Real molecules attract and repel each other. Ideal gas molecules don’t. That’s what causes nearly all deviations from ideality.

The ideal gas law is derived by ignoring attractions and repulsions between molecules. It doesn’t work at all for solids and liquids, which have very strong intermolecular forces. It generally isn’t accurate for real gases, either.

We can still apply the ideal gas law in the limit of low pressure for real gases. At low pressure, the gap between molecules widens, weakening the forces acting between molecules until they are essentially negligible, so the equation applies.

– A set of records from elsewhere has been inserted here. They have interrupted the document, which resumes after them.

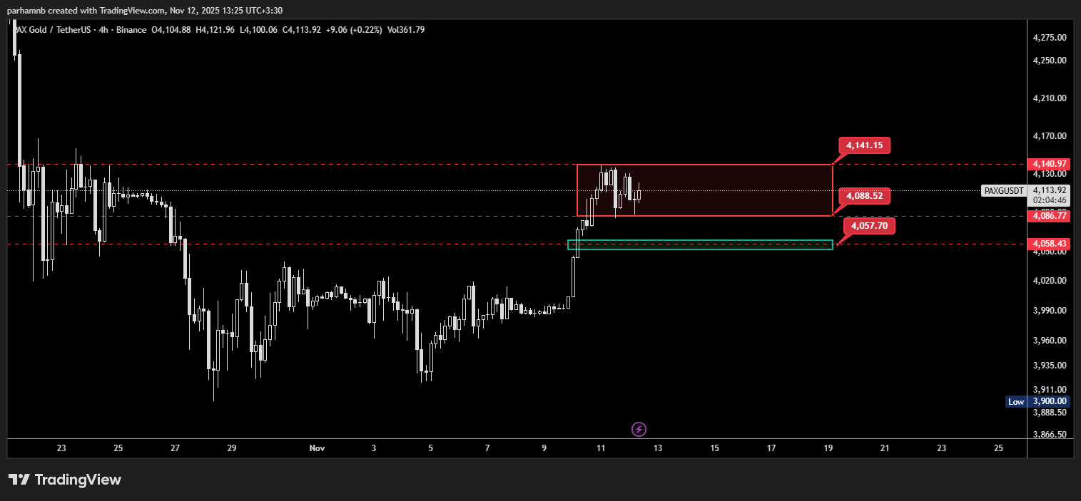 در تایم فریم ۴ ساعته مشاهده میشود که پکس گلد در محدودهای بین ۴۰۸۸ تا ۴۱۴۱ دلار در نوسان است. این ناحیه نوعی باکس خنثی ایجاد کرده که معمولاً پیشزمینهی حرکتهای قوی بعدی است. در صورتی که قیمت بتواند از سقف این محدوده یعنی ۴۱۴۱ دلار عبور کند، احتمال رشد تا مقاومت روزانه ۴۴۰۳ دلار افزایش مییابد.
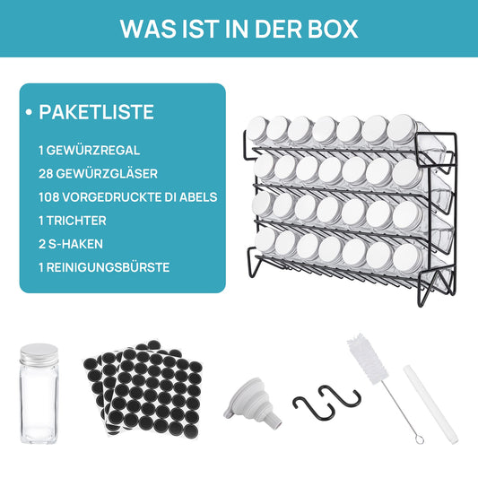 Vtopmart 4-Tier Standing Spice Rack, 28 Empty Spice Jars with Rack and 432 Spice Labels, Spice Organizer for Kitchen, Cabinet, Pantry, Cupboard, Countertop
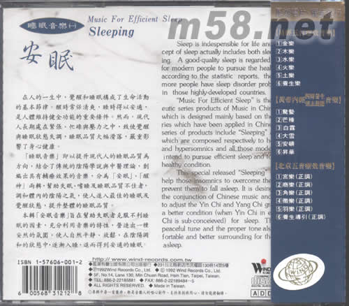 安眠SLEEPING(m58.net) 請點看產品正、背面大圖 提升睡眠品質的音樂處方 在人的一生中,覺醒和睡眠構成了生命活動的基本節律。醒時常保清爽,睡時得以安適,是人體維持健全功牟的重要條件。然而,現代人長期處在緊張,忙碌壓力之中,致使覺醒與睡眠狀態失調,睡眠品質大幅滑落,嚴重影響了身心健康。 [睡眠音樂]即以提升現代人的睡眠品質為方向,結合了伎的陰陽學說與中醫理論,創編出具有輔療效果的音樂,分為[安眠][醒神]兩輯,幫助失眠、嗜睡及睡眠品質不佳者,調和體內的陰陽之氣,使人進入最佳的睡眠及覺醒狀態,提升整體的睡眠品質。 本輯[本眠音樂]旨在幫助失眠者克服不利睡眠的因素,充分利用音樂的特性,營造出一種安然的氛圍,使人自然平靜、放松,在陰陽調和的狀態中,逐漸入睡,進而得到安適的睡眠。
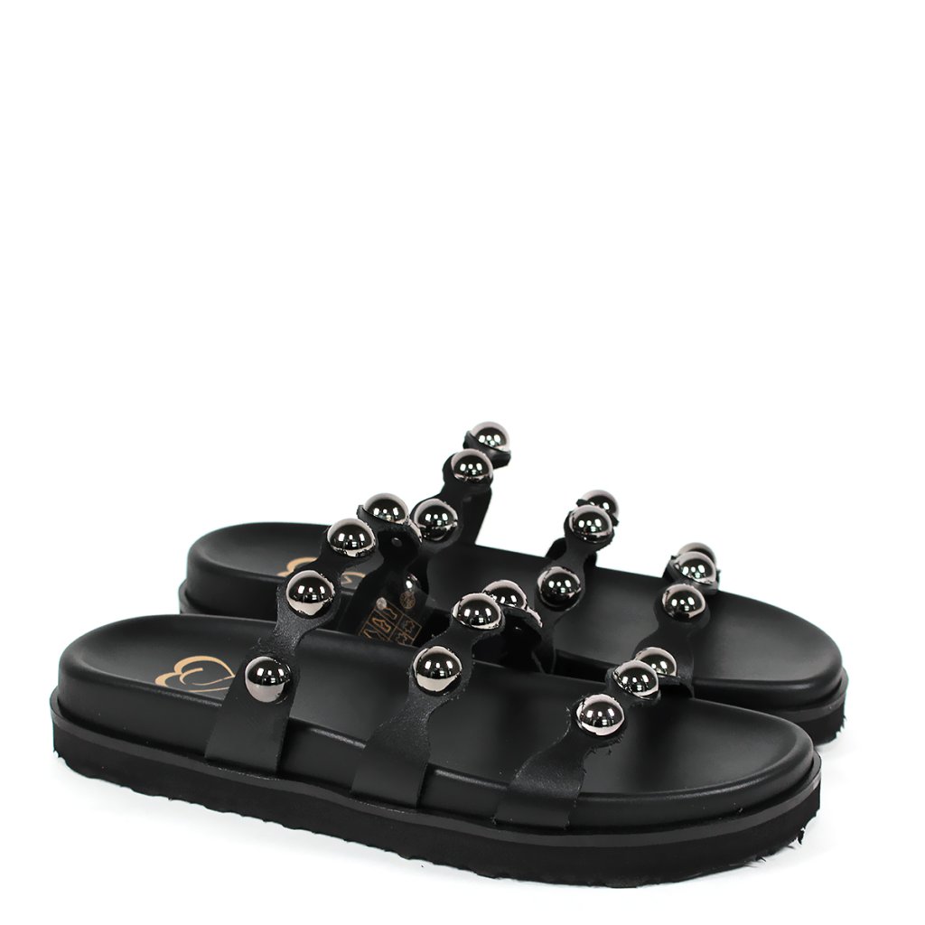 A Secretshoes női bőr papucsok az elegancia, a kényelem és a markáns stílus elegáns kombinációját képviselik. A természetes bőr talpbetét egész napos kényelmet biztosít, míg a bőr pántok friss és modern megjelenést kölcsönöznek. A domináns elem a luxus gyöngyök, amelyek egyedi és kifinomult jelleget kölcsönöznek a papucsoknak. Ideális azoknak a nőknek, akik a kényelmet az exkluzív dizájnnal szeretnék ötvözni, és egy csipetnyi eredetiséget szeretnének adni nyári öltözékükhöz.

The Euler notebook posted below asks students to connect data for real gases collected at several different pressures with the ideal gas law by extrapolating to zero pressure. It introduces linear regression with Euler.

To use the notebook:

* Download and install the Euler Math Toolbox.

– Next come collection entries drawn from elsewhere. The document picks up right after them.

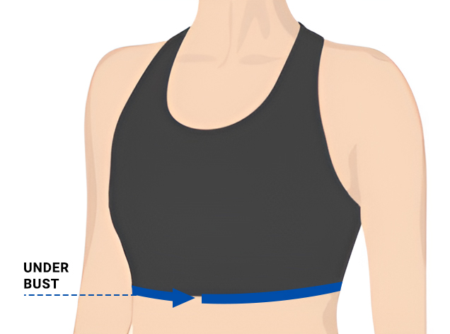 - 2. For at finde målet under busten, skal du vikle målebåndet om din brystkasse, direkte og jævnt under barmen.
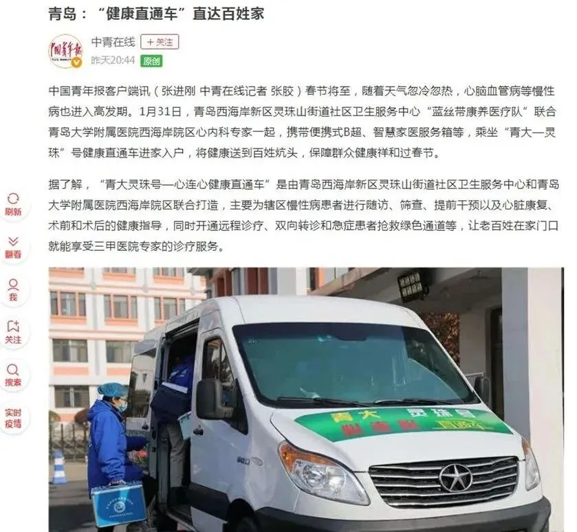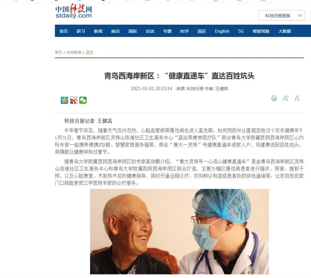 “蓝丝带”服务品牌队伍先后在学习强国、人口健康报、大众网、青岛日报、青岛早报、青岛电视台、西海岸新闻、西海岸传媒、青岛西海岸报等30余家权威媒体报道。其中,灵珠山“蓝丝带康养服务队”联合青岛大学附属医院西海岸院区心内科专家一起携带便携式B超、智慧家医服务箱等,乘坐“青大—灵珠”号健康直通车进家入户,将健康送到百姓炕头的新闻信息,被CCTV央视网、人民日报、中国产经新闻、科技日报、中国青年报、光明网、大众日报、大众报业·齐鲁一点、观海、青岛电视台—蓝睛、中青在线等多家媒体广泛关注。
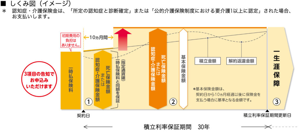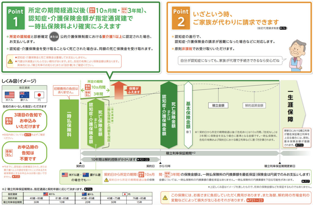 通貨指定型の一時払終身保険で無告知で85歳まで加入できます。死亡だけではなく、所定の認知症や介護になったときにも保険金が受け取れます。告知の有無によって保険金が増えるタイミングが変わります。告知をすると契約から10ヶ月後に保険金額が増えます。告知なしの場合は保険金額が増えるのが3年後になります。あとは契約した時の積立利率に応じて解約返戻金が増えていきます。10ヶ月後や3年後に増える保険金額も積立利率に起因します。
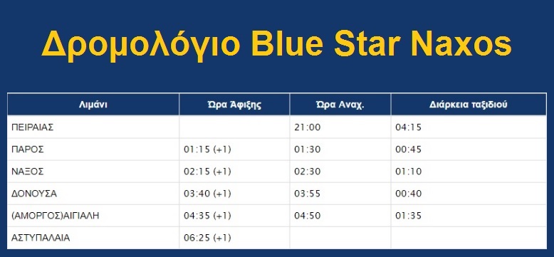 Από την εταιρεία ανακοινώθηκε, πως τουλάχιστον για σήμερα το βράδυ, το προγραμματισμένο δρομολόγιο του Blue Star Patmos θα εκτελεστούν από το Blue Star Naxos.
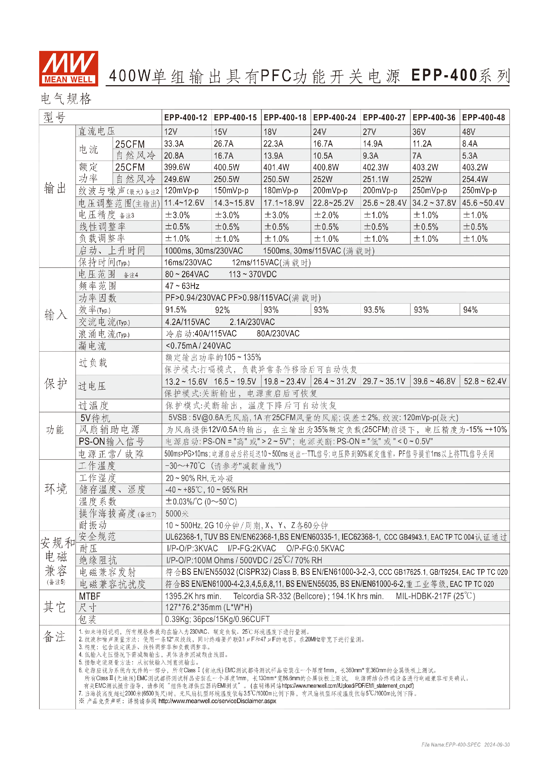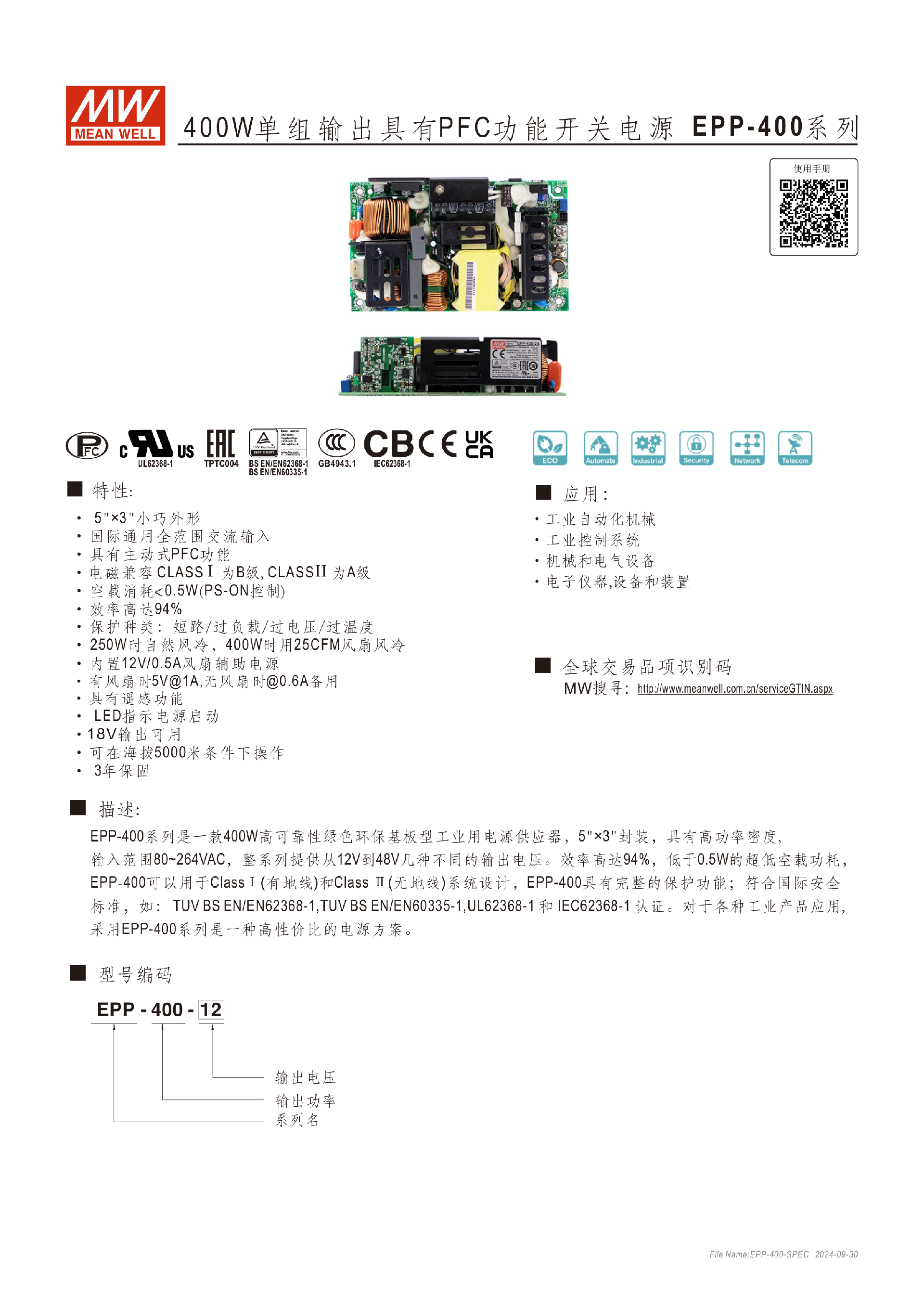 台湾明纬EPP-300系列300W单组输出开关电源

* Cut and paste the code below into a plain text file.

* Save the file with an .en file extension.

* Double-click the file. It should open up in the Toolbox.

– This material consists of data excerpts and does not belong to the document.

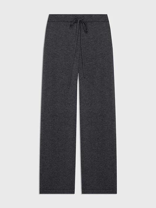 Пояс на вязаной тесьме мягко фиксирует талию, а декоративная узкая резинка по низу добавляет аккуратный вид. Классический тёмно-серый цвет делает брюки универсальными.
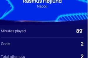 本場比賽霍伊倫梅開二度,2次射門進2球,賽后他也當(dāng)選歐冠官方評選出的本場最佳球員。
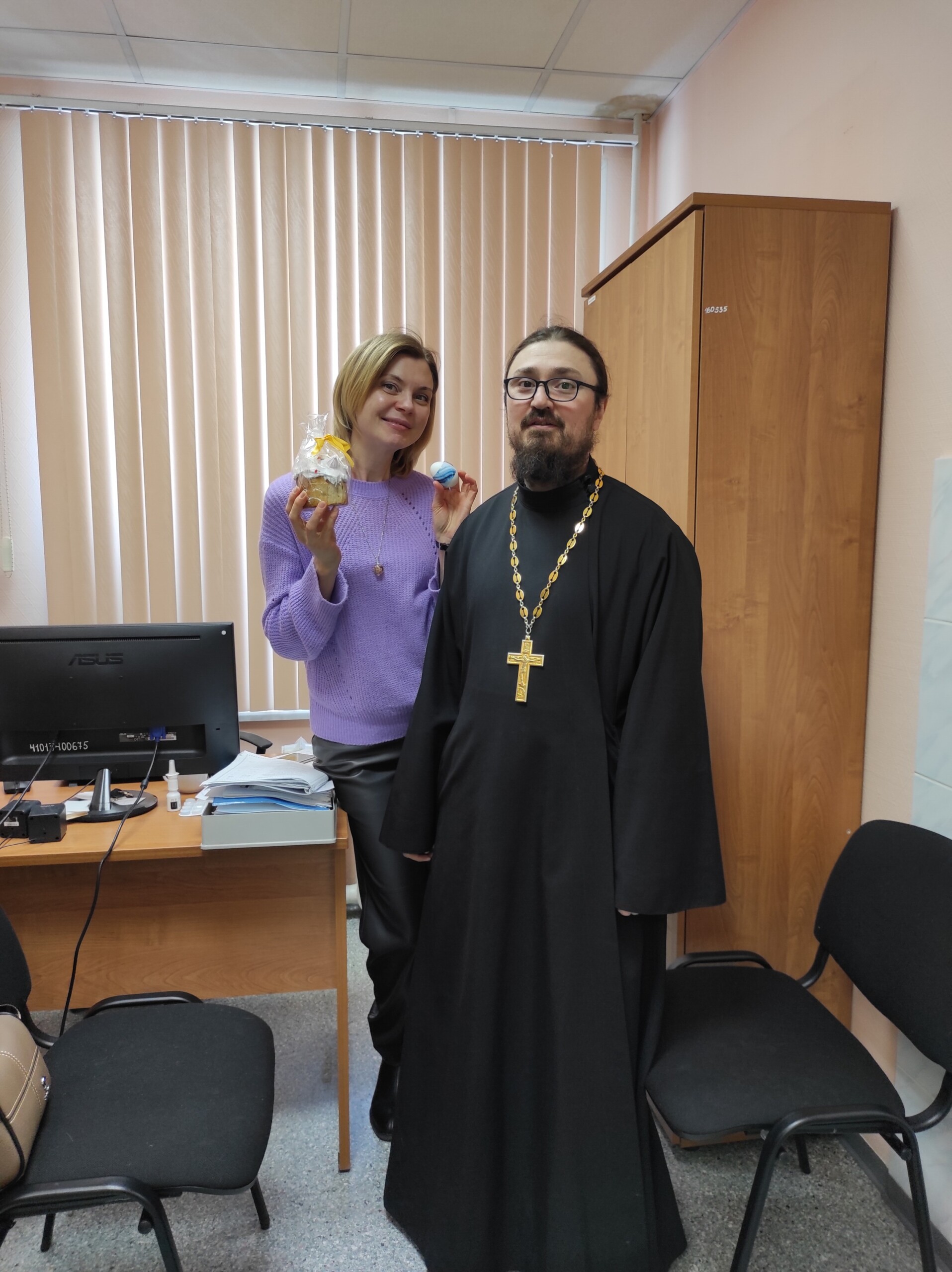 В Понедельник Светлой седмицы настоятель Прихода храма в честь святителя Луки архиепископа Симферопольского г.Сургута иерей Николай Ведерников поздравил с праздником Светлого Христова Воскресения главного врача, администрацию и медицинских работников травматологической больницы. Все в этот день получили Пасхальные угощения.

I used this in my Fall ‘09 PChem class (it’s the fourth notebook in the series). Italics mark the items students had to fill in themselves. They seemed to have little trouble with this one.

All of the notebooks in this series are specifically keyed to Atkins’ Physical Chemistry, 8th edition.

—————————-snip here———————————————

% Notebook 1.3: Extrapolation to zero pressure

%

% In this notebook, we’ll calculate properties of real gases from the

% ideal gas law by extrapolating to zero pressure.

%

% Consider the following experimental data collected for gaseous

% dimethyl ether at 25 degrees Celsius. The pressures P are in pascals,

% and the densities d are in kg m^-3. R is in Pa m^3/mol K and T is

% K.

%

>P = [12.223,25.20,36.97,60.37,85.23,101.3]*1000;

>d = [0.225,0.456,0.664,1.062,1.468,1.734];

>R = 8.314;

>T = 25 + 273.15;

%

% Let’s find the molar mass of dimethyl ether from this data.

%

% The molar mass M of an ideal gas is mass per mole. The mass of the gas

% is its density times its volume, so

%

% M = dV/n

%

% For an ideal gas, PV=nRT or V/n = RT/P, so

%

% M = dRT/P

%

% The ideal gas law holds when P approaches zero, so for a real gas,

%

% M = lim dRT/P

% P->0

%

% This is called a limiting law. How can we apply the limiting law with the

% pressure and density measurements in P and d?

%

% First, calculate an array of dRT/P values.

%

>dRToverP = d*R*T/P;

%

% Let’s plot these values against P to see if we can linearly extrapolate

% them to zero.

% * When plotting experimental data, it is good practice to show

% the points on the graph (use the points=1 option).

%

>plot2d(P,dRToverP,points=1,style=”[]”);

>title(“Determining the Molar Mass of Dimethyl Ether”);

>xlabel(“Pressure, in Pa”);

>ylabel(“dRT/P, in kg/mol”);

>insimg;

%

% The data looks reasonably linear. It’s worth trying to fit a

% line to it. We can use Euler’s polyfit() function to do this. The

% call looks like

% a = polyfit(x,y,n)

% where:

%

% a is an array of coefficients in the fitted polynomial

% a[1] + a[2]*x + a[3]*x^2 + … + a[n+1]*x^n

% x and y are the arrays of x and y data

% n is the degree of the polynomial to fit (1 for a line)

%

>fit = polyfit(P,dRToverP,1)

0.04587503092209 -3.583072735655e-008

%

% The first number is the intercept; the second is the slope.

%

% To calculate an array of points along the regression line, use the

% polyval() function. The call looks like

% y = polyval(a,x)

% where x, y, and a have been defined above.

%

>x = [0,max(P)];

>y = polyval(fit,x);

%

% Now insert the plot, with the raw data points marked as boxes,

% and the regression line displayed as a solid line.

%

>plot2d(x,y);

>plot2d(P,dRToverP,points=1,style=”[]”,add=1);

>title(“Determining the Molar Mass of Dimethyl Ether”);

>xlabel(“Pressure, in Pa”);

>ylabel(“dRT/P, in kg/mol”);

%

% The y-intercept is M, the value of dRT/P at P=0.

%

>M = fit[1]

0.04587503092209

%

% We can label the y-intercept using the label function. The call

% looks like label(text,x,y,offset). You can play around with the

% offset parameter until the label is where you want it.

%

>label(“M”,0,M,0);

>insimg;

% —————————————————————–

%

% Apply these techniques to solve problem 1.3 in the text, which

% finds absolute zero on the Celsius temperature

% scale from experimental data.

%

% Enter the P and alpha data in the space below.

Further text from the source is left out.